## DATA SEGMENT

□ □ □

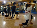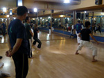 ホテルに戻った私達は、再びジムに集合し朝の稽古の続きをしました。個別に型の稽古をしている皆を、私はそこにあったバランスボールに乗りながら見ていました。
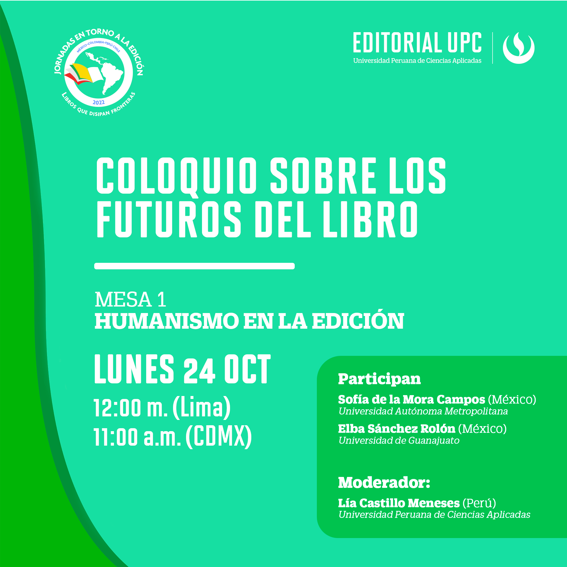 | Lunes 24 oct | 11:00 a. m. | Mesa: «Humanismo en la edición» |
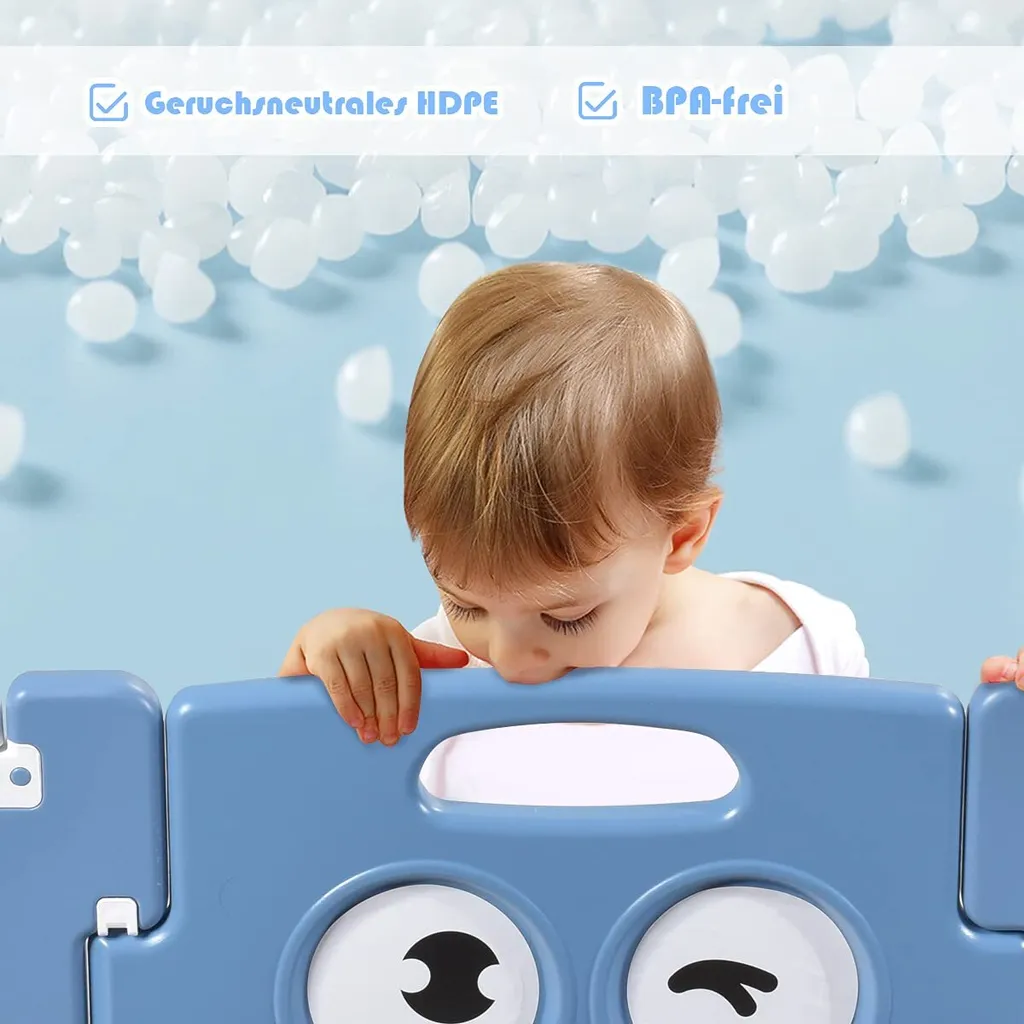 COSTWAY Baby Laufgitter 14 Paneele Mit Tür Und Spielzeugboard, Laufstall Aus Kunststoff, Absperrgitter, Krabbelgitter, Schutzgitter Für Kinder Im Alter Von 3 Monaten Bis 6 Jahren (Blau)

□ □ □

## ASSIGNMENT
The listing is to be repeated exactly, with its pictures removed.

## ANSWER AREA
 ホテルに戻った私達は、再びジムに集合し朝の稽古の続きをしました。個別に型の稽古をしている皆を、私はそこにあったバランスボールに乗りながら見ていました。
 | Lunes 24 oct | 11:00 a. m. | Mesa: «Humanismo en la edición» |
 COSTWAY Baby Laufgitter 14 Paneele Mit Tür Und Spielzeugboard, Laufstall Aus Kunststoff, Absperrgitter, Krabbelgitter, Schutzgitter Für Kinder Im Alter Von 3 Monaten Bis 6 Jahren (Blau)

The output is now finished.